SOURCE MATERIAL Start Marker
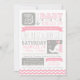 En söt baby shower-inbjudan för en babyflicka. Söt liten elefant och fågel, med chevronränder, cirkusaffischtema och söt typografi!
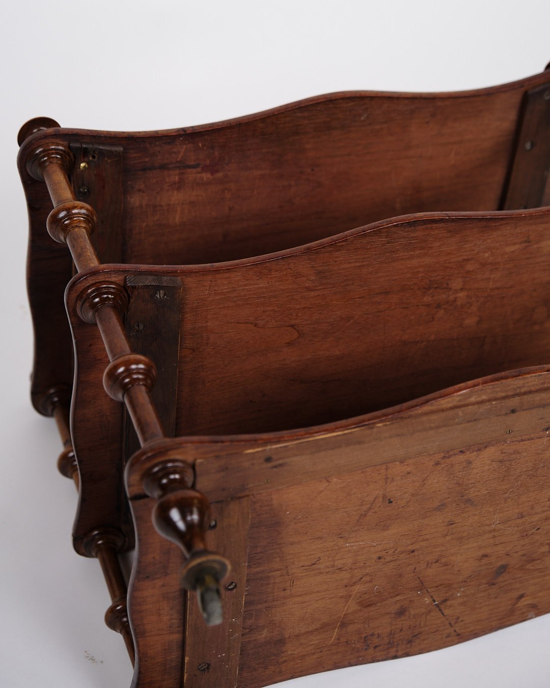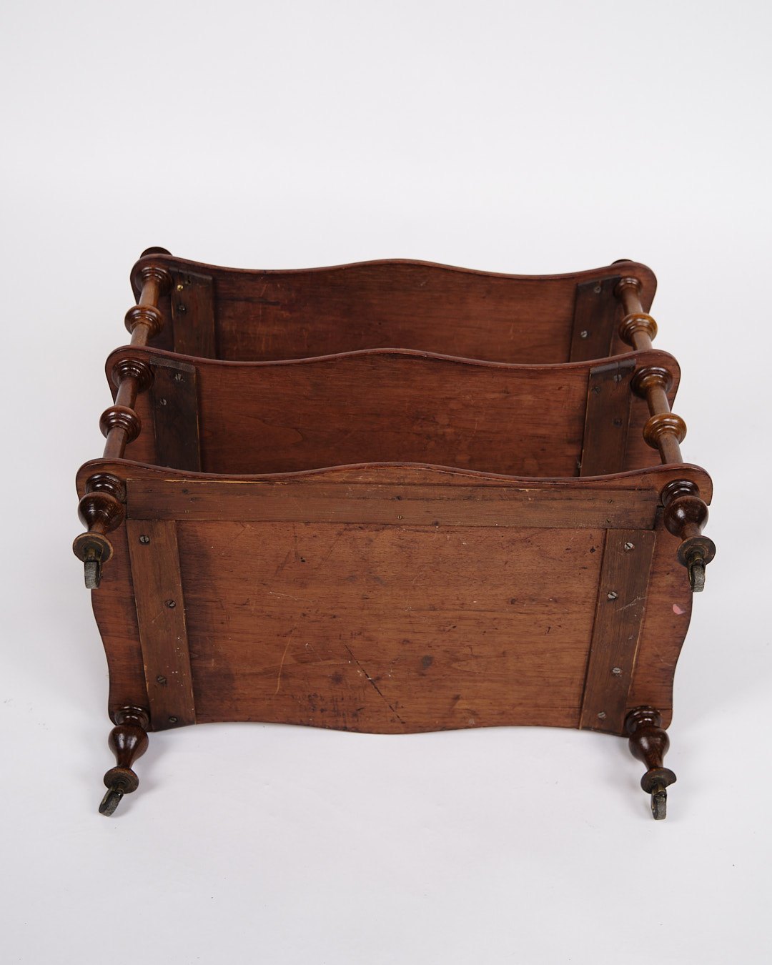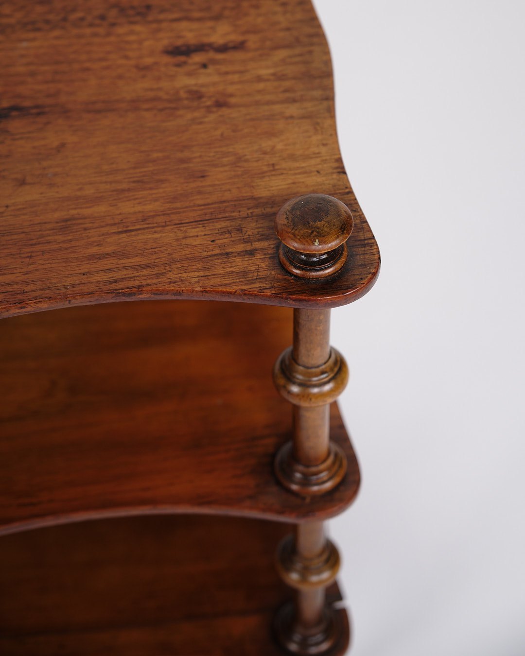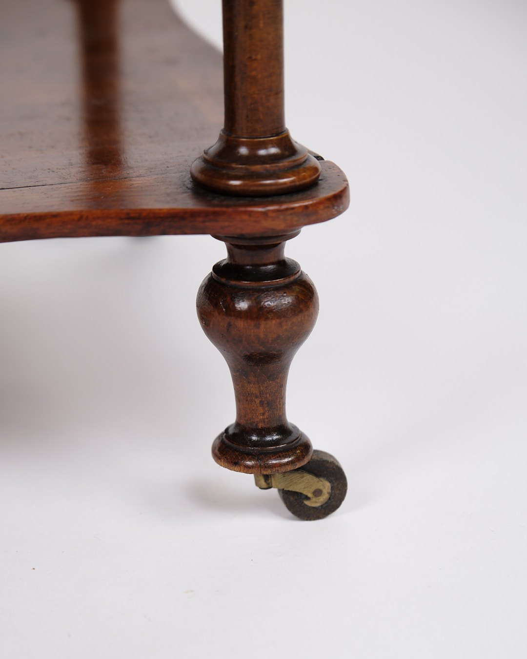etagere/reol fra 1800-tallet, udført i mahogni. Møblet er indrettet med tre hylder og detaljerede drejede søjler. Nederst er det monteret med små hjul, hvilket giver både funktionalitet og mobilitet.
SOURCE MATERIAL End Marker
SOURCE MATERIAL Start Marker
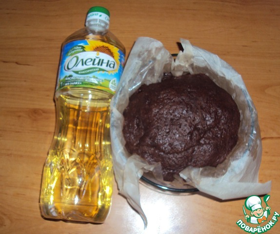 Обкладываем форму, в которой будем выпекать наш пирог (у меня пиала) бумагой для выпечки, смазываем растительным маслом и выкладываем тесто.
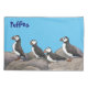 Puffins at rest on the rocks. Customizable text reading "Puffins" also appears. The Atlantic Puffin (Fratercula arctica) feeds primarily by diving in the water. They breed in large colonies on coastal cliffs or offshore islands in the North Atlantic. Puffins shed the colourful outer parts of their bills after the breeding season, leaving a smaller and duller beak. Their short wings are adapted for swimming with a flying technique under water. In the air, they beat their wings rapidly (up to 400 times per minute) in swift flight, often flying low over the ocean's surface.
SOURCE MATERIAL End Marker
SOURCE MATERIAL Start Marker
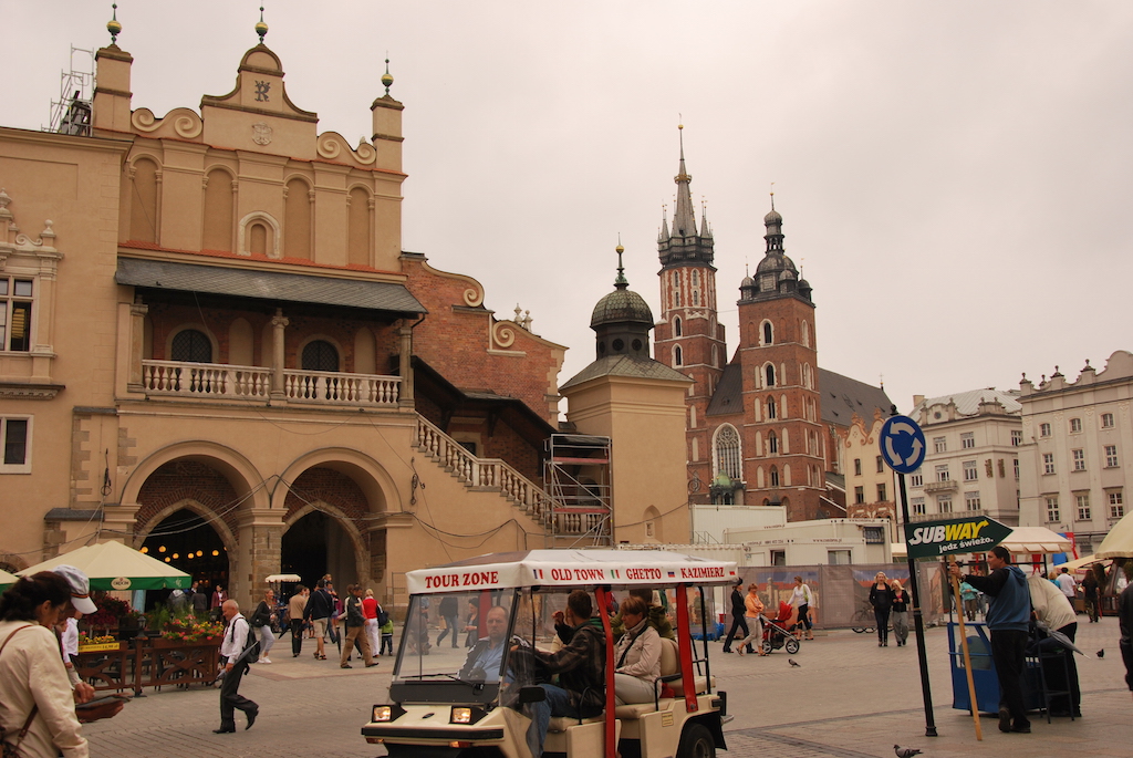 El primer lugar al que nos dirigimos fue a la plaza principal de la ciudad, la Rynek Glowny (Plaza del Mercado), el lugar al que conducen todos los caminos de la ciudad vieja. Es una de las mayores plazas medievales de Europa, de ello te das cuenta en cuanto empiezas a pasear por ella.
SOURCE MATERIAL End Marker
THE PROBLEM: Among the entries above, find the line with "Обкладываем форму, в" and repeat exactly from there through the line with "Puffins at rest", leaving out the pictures.

YOUR SOLUTION:
 Обкладываем форму, в которой будем выпекать наш пирог (у меня пиала) бумагой для выпечки, смазываем растительным маслом и выкладываем тесто.
 Puffins at rest on the rocks. Customizable text reading "Puffins" also appears. The Atlantic Puffin (Fratercula arctica) feeds primarily by diving in the water. They breed in large colonies on coastal cliffs or offshore islands in the North Atlantic. Puffins shed the colourful outer parts of their bills after the breeding season, leaving a smaller and duller beak. Their short wings are adapted for swimming with a flying technique under water. In the air, they beat their wings rapidly (up to 400 times per minute) in swift flight, often flying low over the ocean's surface.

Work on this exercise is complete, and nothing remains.